“It is a great folly to neglect the things that are profitable and necessary, and give our minds to that which is curious and hurtful: we have eyes and see not.” Thomas a Kempis
“Then Jesus told his disciples, “If any want to become my followers, let them deny themselves and take up their cross and follow me…For what will it profit them if they gain the whole world but forfeit their life? Or what will they give in return for their life?” Jesus (Matthew 16:24, 26)
Many voices call out to me, trying to gain my attention. My time and energy seem to be in high demand. Even above my time and physical exertion, I find many trying to evoke my emotions, trying to create within me a passion for the good (or not so good).
Often this leads me to mental, physical, and spiritual exhaustion. Instead of having the ability to labor for that which is necessary, I have wasted all that I am on that which is “curious” – that catches my interest – and too often “hurtful.”
In my life I have found God to be faithful in providing the strength that I need to answer the call He has given. He provides all that I need to accomplish what He has placed before me: my employment, my family, ministry, etc. Too often I have taken the strength God has provided and used it for things that are not profitable and necessary. Too often I have tried to “gain the whole world” rather than following Jesus.
And then I find myself exhausted. I no longer have the strength I need to accomplish what God has placed before me.
I find for myself that I am often distracted, not by the “seven deadly sins” but instead by things that are good and important – things God has called others to invest in, and given them a passion to see His kingdom in these areas. Instead of encouraging someone in the work God has given them, I jump in, ready to do the work that I have not been given to do with energy that should be spent somewhere else. It isn’t that the work isn’t important. I’m not saying that it doesn’t matter. Simply, I can’t do it all. No one can. I can do what I’m called to do with the energy God has given me.
Of course, there are times I give myself to the curious and the hurtful. Often, I am vulnerable to that temptation when I have spent my energy and am exhausted.
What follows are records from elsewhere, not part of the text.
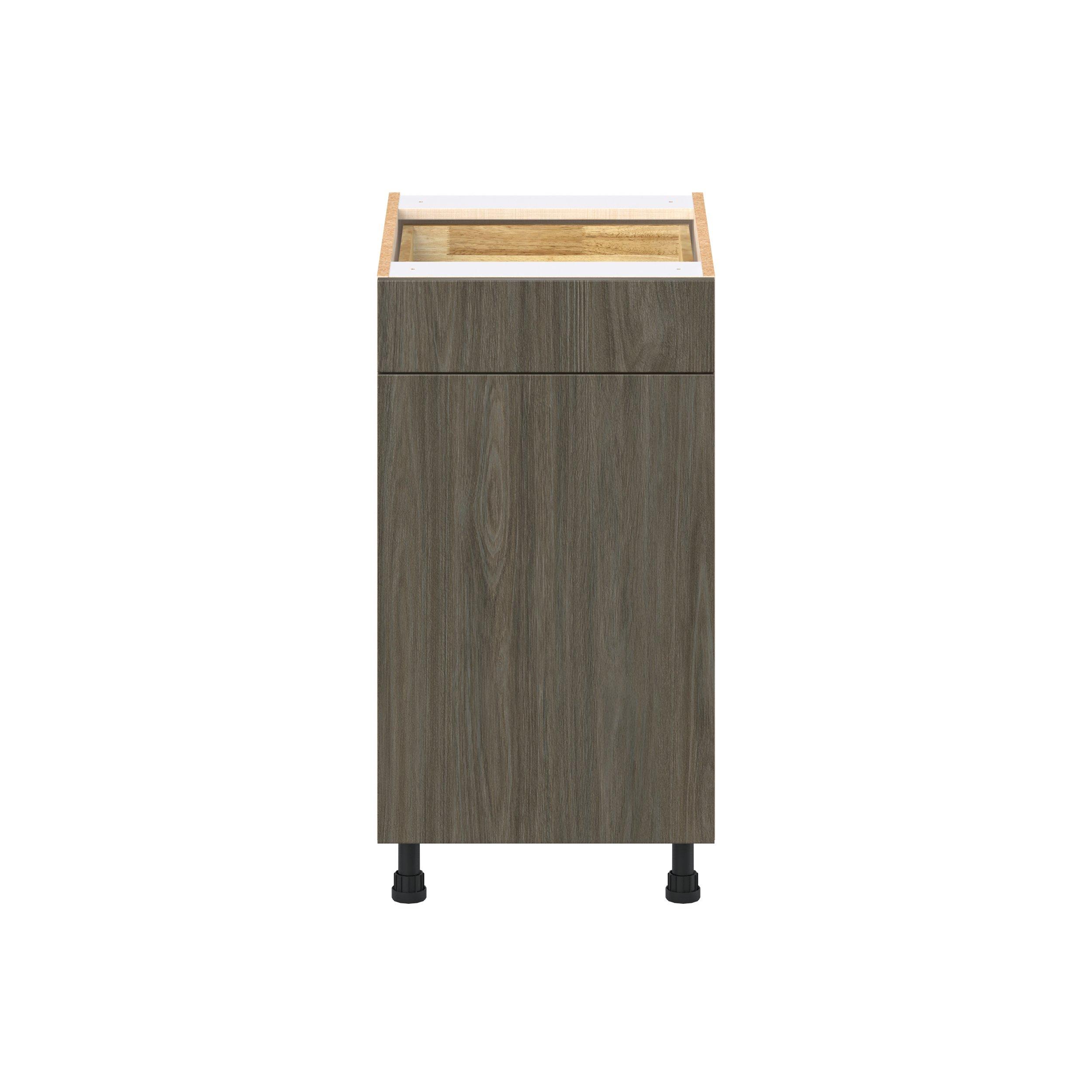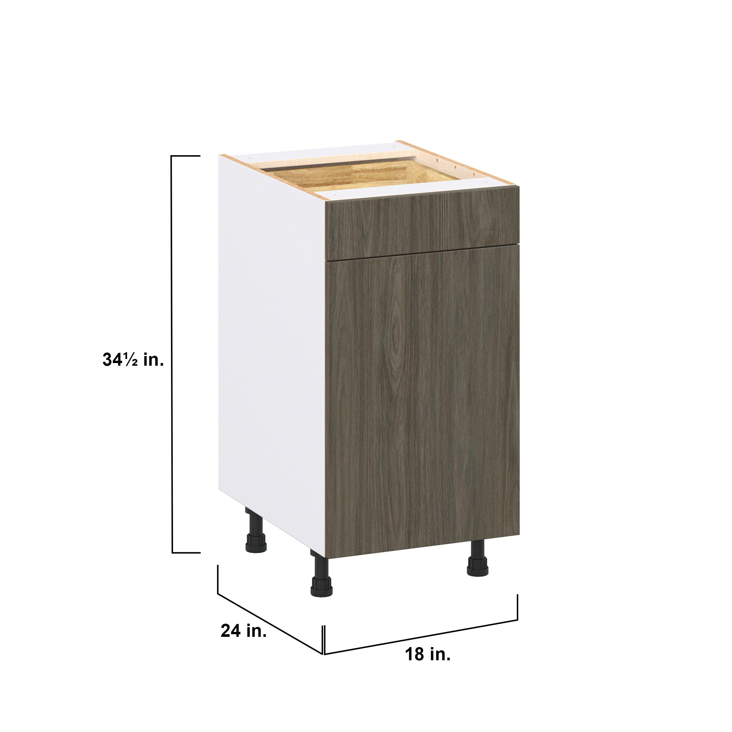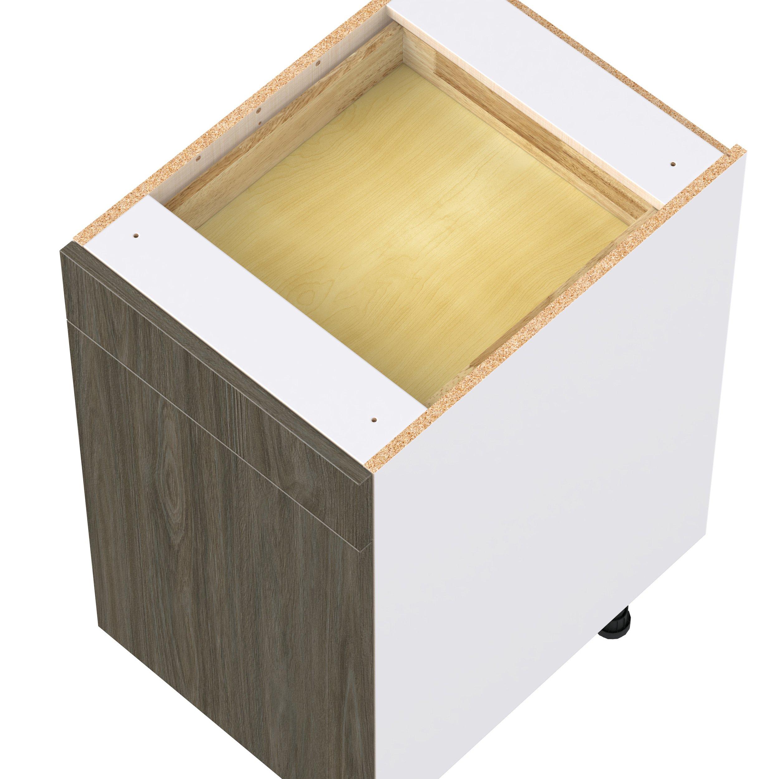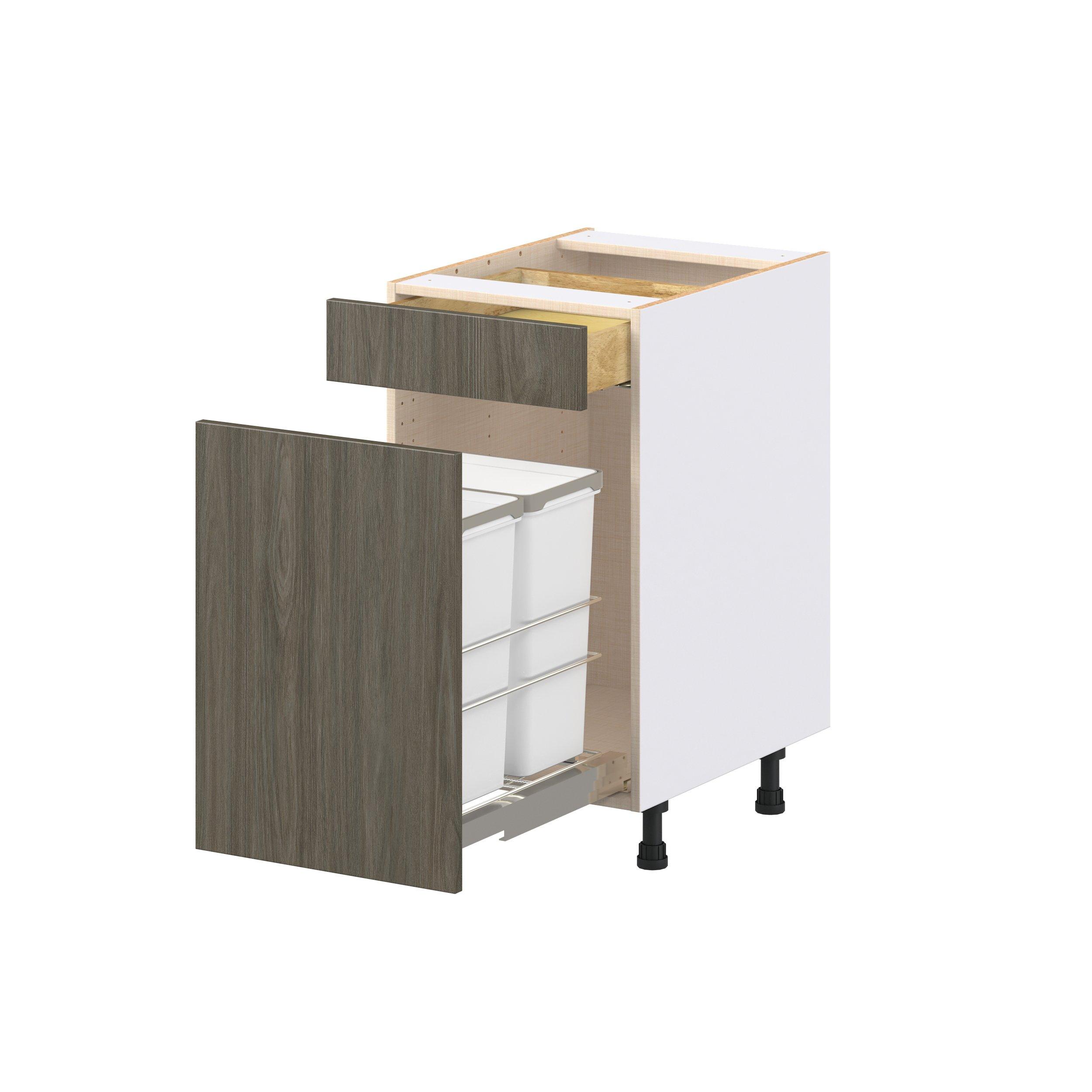 Elevate your project with the contemporary charm of Glenwood slab-style cabinets. Available in desert Mojavi oak and rich burnt walnut finishes, this collection captures the warmth and beauty of natural wood with the practicality of textured melamine. Crafted from one-piece MDF Studio Design Collection Glenwood 18 in. Burnt Walnut Trash Can Pull-Out Base Cabinet is designed to resist hairline cracks while the easy-to-clean finish stands up to stains and moisture. Featuring 5-piece doors and dovetail drawer joints, these cabinets offer durability and elegance. This collection combines style with everyday storage solutions.
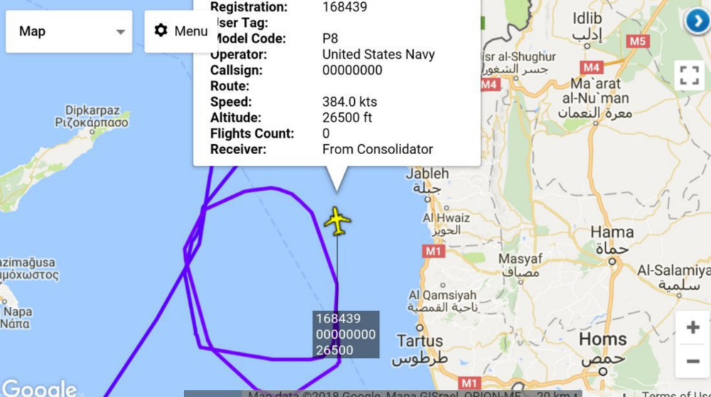 15:00  Патрульный противолодочный самолет Boeing P-8 Poseidon кружит над побережьем Сирии.
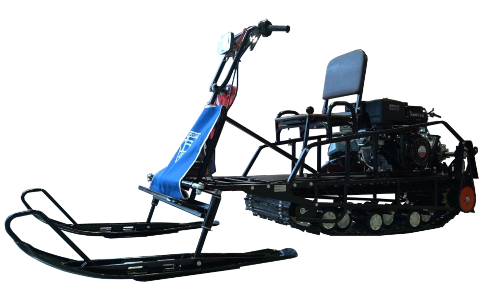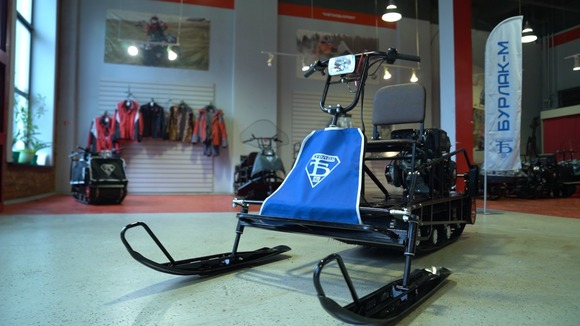 Установленный в базовой комплектации лыжный модуль с сиденьем превращает Бурлак-М Опти-R в доступный аналог миниснегохода.Модель собрана на классической базе длиной 1450 и шириной 510 мм, имеет катковую подвеску, комплектуется двигателем 15 л.с и трансмиссией вариаторного типа.На лыжном модуле установлены две лыжи от снегохода «Тайга». Галогеновая фара входит в базовую комплектацию.Дополнительно можно установить тормоз, реверс и съемный кофр.

Lord, may I remember that You have called me to follow You. You have given me strength for the work You set before me. Help me to see the difference between supporting someone in the call You have given them and jumping in where I am not called to be. May I use wisely the strength that You give. May I turn from either seeking to gain the whole world, or from trying to numb my exhaustion with that which is curious and hurtful.